3. Nestas crónicas recusei-me sempre a responder à pergunta: que
vem o Papa fazer a Fátima? Julguei que era melhor esperar para ver. Sabendo de
quem se trata, alimento o secreto desejo de uma boa surpresa.
Entretanto descobri que o Papa
Francisco publicou uma carta apostólica, em forma de Motu próprio, que transfere as competências sobre os Santuários
para o Pontifício Conselho para a Promoção da Nova Evangelização[viii]. É precisamente o que
mais falta em Fátima: tornar-se um centro propulsor de saída para o mundo e não
apenas de um altar de incenso.
São ridículas as
notícias colhidas ou veiculadas pelo Santuário sobre os cuidados com a figura
do Papa, a sua indumentária para celebrar, o cálice de ouro, a pala para o resguardar
do sol e outras futilidades do género. Parecem manifestar o propósito de
neutralizar, na Cova da Iria, o que Bergoglio trouxe de novo: uma Igreja de
saída para todas as periferias, com gosto da alegria do Evangelho, de uma
evangelização nova, libertadora, descrucificante.

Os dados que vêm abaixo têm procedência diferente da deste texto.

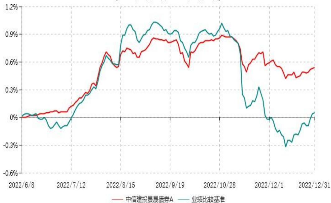
中信建投景晟债券A累计净值增长率与业绩比较基准收益率历史走势对比图 (2022年06月08日-2022年12月31日)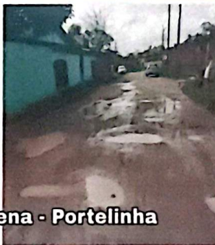
Av. Fausto Vilhena - Portelinha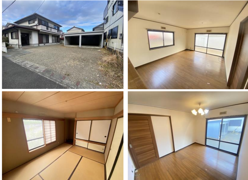
※写真はリフォーム前のものです。

駐車並列3台可能！全居室収納付き！軽量鉄骨メーカー施工住宅が月々6万円台から登場です！車で約5分にスーパー、徒歩圏内に医療施設やコンビニが揃い、生活環境も充実！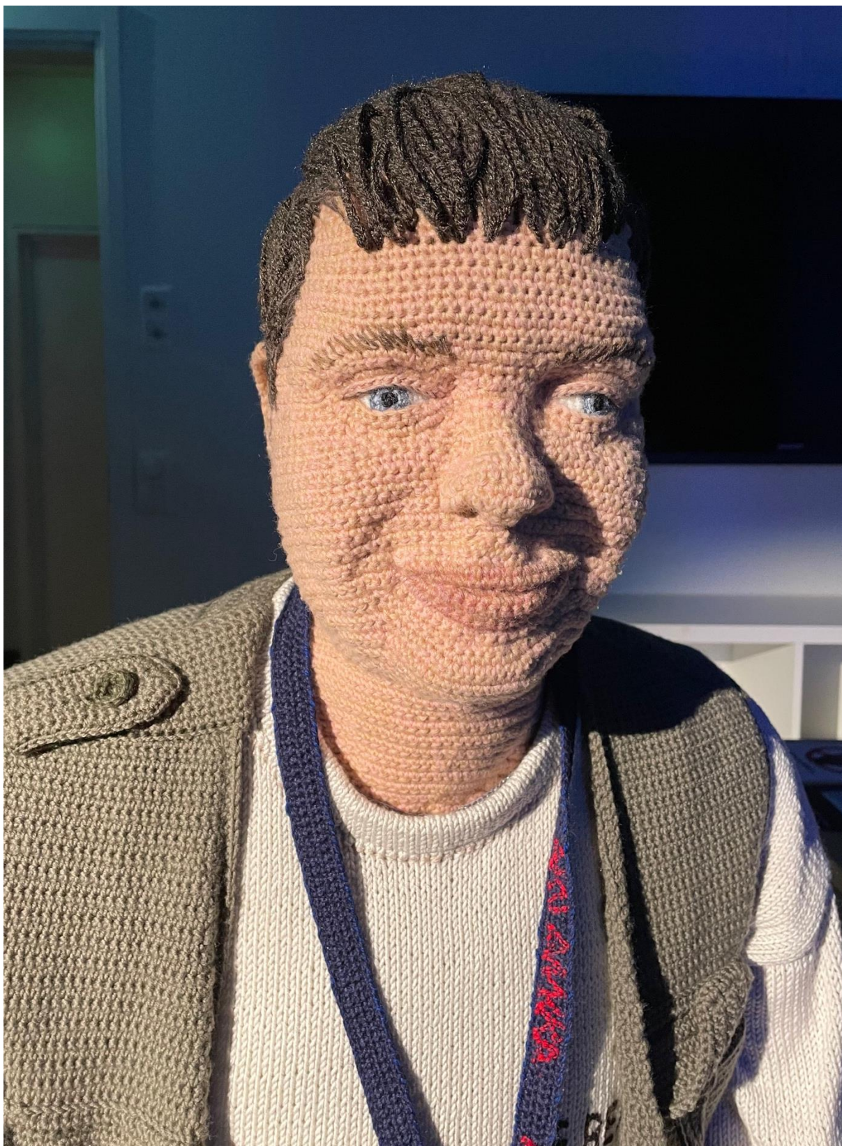
Kuva 1. Hietanen, Liisa, yksityiskohta teoksesta Mikko , 2024. Virkkaus, neulonta ja kirjonta, 135 x 60 x 85 cm.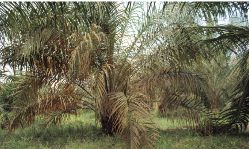
Figura 22. Palmas con deficiencias nutricionales y/o afectación por plagas dificultan el diagnóstico oportuno.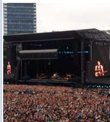
Bruce Springsteen på Ullevi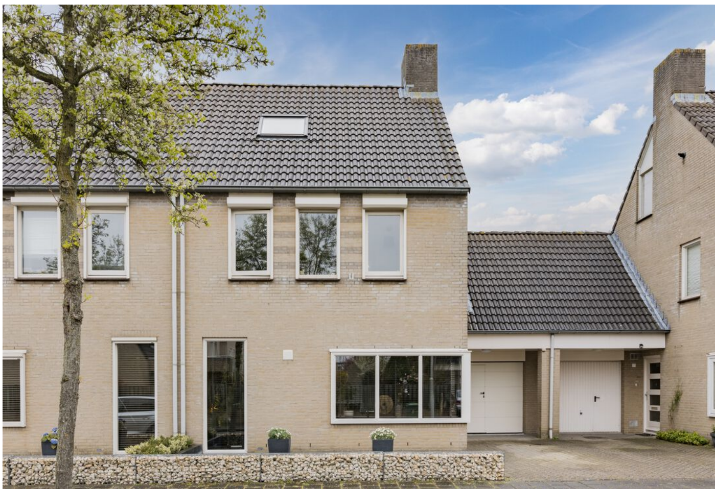
Bronziet 5, Eindhoven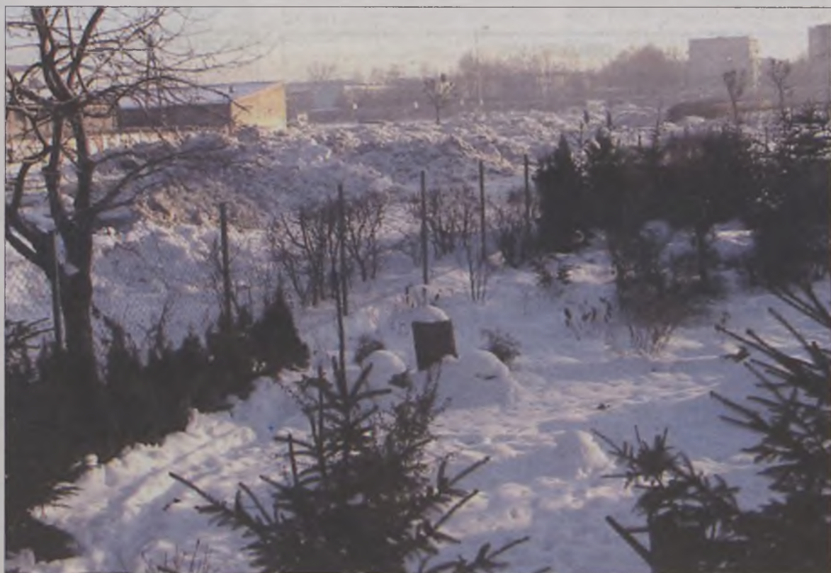
Na teren OSiR-u przy Kolskiej Szosie trafiło kilkadziesiąt ciężarówek ze śniegiem, co według władz okazało się najbardziej ekonomicznym rozwiązaniem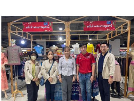
กลุ่มผ้าทอมณี เจ้าพระยาปทุมธานี ต. ลาดสวาย อ. ลำลูกกา จ. ปทุมธานี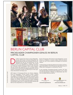
Berlinerin Falstaff Champagner Gala im Berlin Capital Club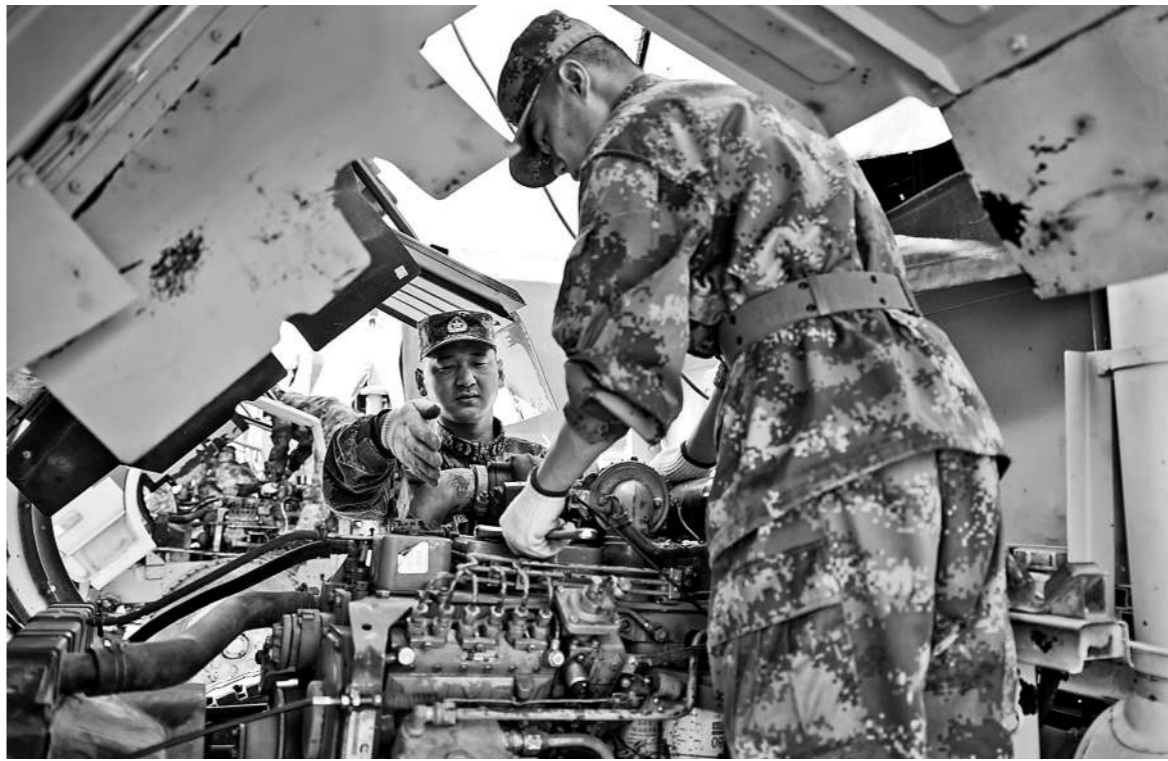
近日，新疆军区某工兵团严格落实装备管理相关法规制度，组织开展装备保养工作，确保武器装备始终处于良好状态。

近年来，该部采取有力措施，落实各项法规制度，常态化开展廉洁教育，培育廉洁文化，筑牢官兵反腐倡廉的思想防线，部队风清气正的良好氛围越来越浓厚。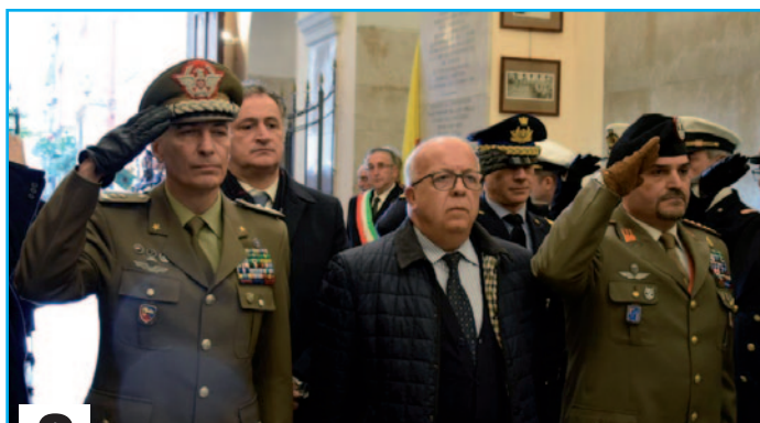
2 PROGETTO MILITE IGNOTO 2021

Numero Repertorio ROC: n°22803 del 20/09/2012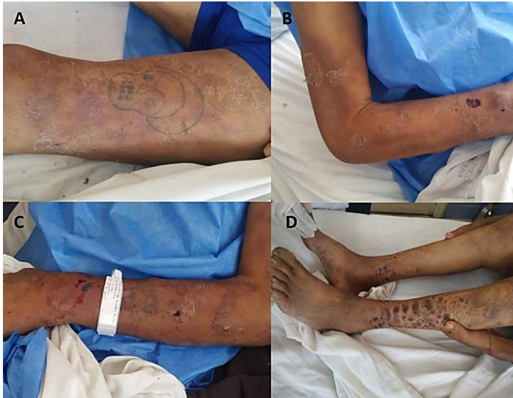
Figura 1. Lesiones nodulares eritematosas anestésicas con descamación y pérdida de anexos cutáneos.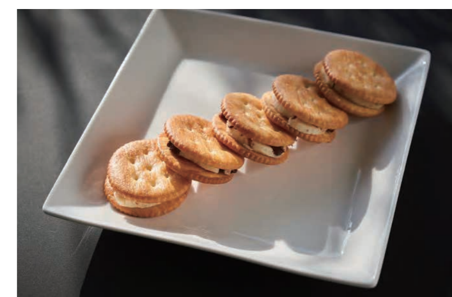
FIG BUTTER SAND 500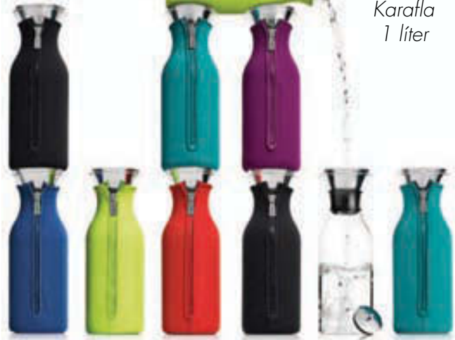
Karaffa 1 líter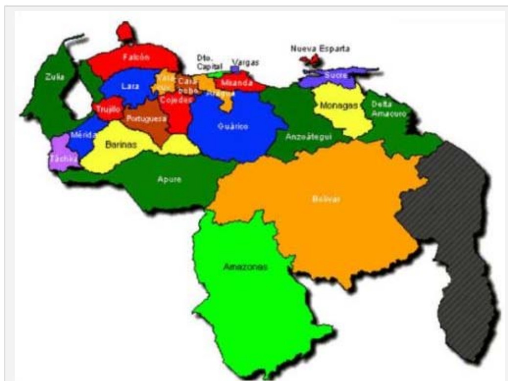
Figura 1. Ubicación geográfica de la Costa Oriental del lago.

Su ubicación y geografía es además conveniente para una posible ruta de tránsito para los grupos prehispánicos ya que la comunicación por vía lacustre, fluvial o terrestre no presenta mayores obstáculos naturales. De igual manera, dicha ubicación representa un sitio estratégico en cuanto al control y disposición de recursos.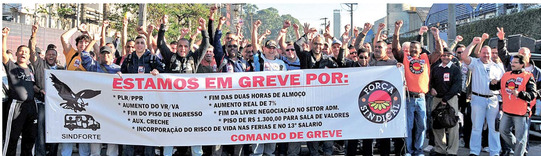
GREVE VITORIOSA - A paralisação das empresas de carro-forte mobilizou os trabalhadores nas principais bases da Grande São Paulo e região de Campinas. Na foto, vigilantes em frente à Protege

Companheiro(a): os trabalhadores no transporte de valores estão de parabéns. A paralisação, comandada pelo Sindicato, dia 2 de julho, foi vitoriosa.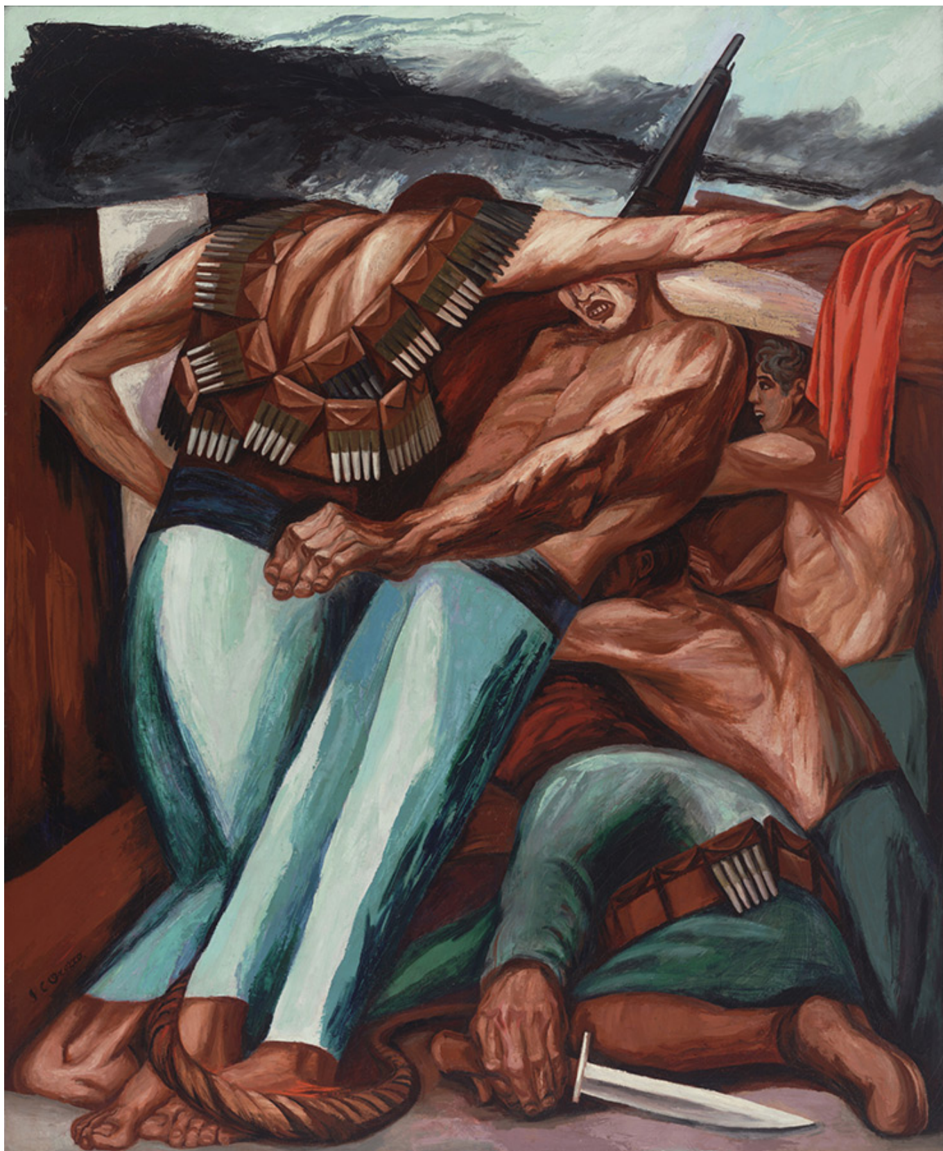
José Clemente Orozco (México), Barricada , 1931.

resgate. A questão nunca foi se os civis deveriam ajudar, mas sim se a assistência está sendo organizada de forma a salvar vidas.

Frei Bento Domingues, O.P.
07.05.2017
[i] Rm 8, 31-39
[ii]
Jo 10, 18
[iii]
Act 4, 27-30; Cf. Simon Légasse/Peter Tomson, Qui a tué Jésus?,Cerf 2004; Nathan Leites, Le meurtre de Jésus moyen de salut?, Cerf 1982
[iv]
Cf. Lúcia de Jesus, Memórias, Edição
crítica de Cristina Sobral, Fátima 2016.
[v]
Cf. Act. 2, 22-36 //
[vi] Lc 4, 16-30
[vii] Lc 7
[viii]
L’ Osservatore Romano, 06.04.2017
Uma reflexão muito importante e extremamente oportuna.